Shifts in the timing of certain payments affect that comparison. Outlays in the first 10 months of each fiscal year were reduced by shifts of some payments to September that otherwise would have been due on October 1, which fell on a weekend in both years. If not for those timing shifts, the deficit so far in fiscal year 2024 would have been $94 billion smaller than the shortfall for the same period in fiscal year 2023.
CBO projects a federal budget deficit of $1.9 trillion in fiscal year 2024. When adjusted to exclude the effects of shifts in the timing of certain payments, the projected 2024 deficit comes to $2.0 trillion.
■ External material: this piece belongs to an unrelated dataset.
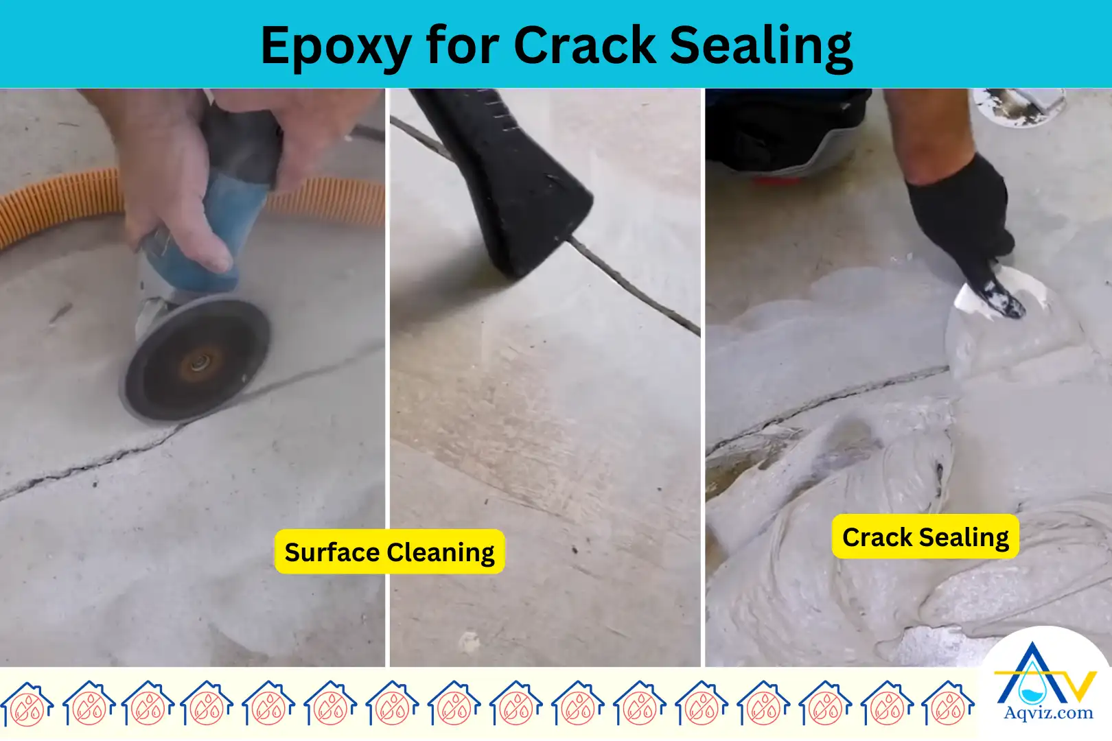Once the concrete is clean, we must prepare it properly to ensure the epoxy bonds effectively. So Aqviz experts follow the below step by step guide to prepare the concrete surface smoothly.

Last year’s deficit of $1.7 trillion would have been larger if not for the recording of certain budgetary effects related to the Supreme Court’s decision to overturn a plan the Administration announced in 2022 to cancel many borrowers’ outstanding student loans. If those effects were excluded from fiscal year 2023, the deficit for that year would have been $2.0 trillion instead of $1.7 trillion. Thus, without the savings related to the unwinding of the proposed debt cancellation (and excluding the effects of timing shifts), CBO estimates that the federal deficit would be about the same in 2023 and 2024.